Consider the following problem:
You have an urn with a red ball and a blue ball. Every step you draw a ball from the urn, return the ball and add another ball of the same color as the one you drew. After N steps, what is the probability the urn contains k red balls?
By doing a few computations for small $N$ and $k$, it isn't difficult to conjecture that the answer is $\frac{1}{N+1}$, independent of $k$. With this conjecture in mind, it is easy to prove by induction, as $$\frac{1}{a+b-2}\frac{a-1}{a+b-1}+\frac{1}{a+b-2}\frac{b-1}{a+b-1}=\frac{1}{a+b-1}~.$$ However, the particularly nice answer makes me feel there should be a nicer solution. Perhaps there is symmetry to exploit? Or something else lurking? Regardless, does anybody have a particularly nice non-inductive solution to this problem?
Let $B(N)$ be the set of length-$N$ sequences $(b_1,\dots,b_N)$ where each $b_j$ is an integer between $1$ and $j+1$, inclusive. Let $C(N)$ be the set of length-$(N+2)$ sequences $(c_1,\dots,c_{N+2})$ where $c_1 = red$, $c_2=blue$, and $c_j\in\{red,blue\}$ for each $3\le j\le n+2$.
There is a natural function $f\colon B(N)\to C(N)$ given by recursively, for $j=1,2,\dots,N$, defining $c_{j+2}=c_{b_j}$. (In other words, at step $j$ we draw one of the prior $j+1$ balls at random—we choose the $b_j$th ball—and then add a $(j+2)$nd ball of the same color as the $b_j$th ball; we number the balls in the order they appear.) We see that $B(N)$ represents all $(N+1)!$ ways we could have drawn the various numbered balls at the various steps.

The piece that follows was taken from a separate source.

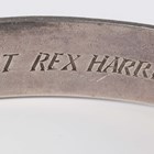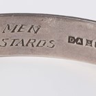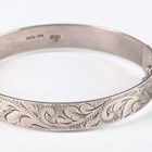 An Elizabeth II silver circular hinged bangle with engraved decoration, the interior with engraved comical inscription, Birmingham 1976, weight 24.3g, inside diameter 6cm.

There is also a natural bijection $r\colon C(N) \to \mathcal P(\{3,4,\dots,N+2\})$ (the power set of $\{3,4,\dots,N+2\}$) given by $r((c_1,\dots,c_{N+2})) = \{3\le j\le N+2\colon c_j = red\}$.
Claim: let $S\subset \{3,4,\dots,N+2\}$ have cardinality $\ell$. The preimage of $S$ under $r\circ f$ has $\ell!(N-\ell)!$ elements.
Proof: If $s_1$ is the smallest element of $S$, then $b_{s_1}$ must equal $1$; if $s_2$ is the second-smallest element of $S$, then $b_{s_2}$ must equal $1$ or $s_1$; and so on. Similarly, if $t_1$ is the smallest element of $\{3,4,\dots,N+2\}\setminus S$, then $b_{t_1}$ must equal $2$; if $t_2$ is the second-smallest element of $\{3,4,\dots,N+2\}\setminus S$, then $b_{t_2}$ must equal $2$ or $t_1$; and so on. The number of such preimages is exactly $(1\cdot 2\cdots \ell)(1\cdot 2\cdots N-\ell)$.
Now, for any $\ell\in\{0,\dots,N\}$, the number of elements of $B(N)$ that get sent, under $r\circ f$, to a subset of $\{3,4,\dots,N+2\}$ of cardinality $\ell$ is $\binom N\ell$ (the number of such subsets) times $\ell!(N-\ell)!$ (the size of each preimage), or exactly $N!$.
In other words, the probability that a drawing sequence from $B(N)$ gives rise to a sequence of balls containing $k=\ell+1$ red balls is exactly $N!/(N+1)! = 1/(N+1)$.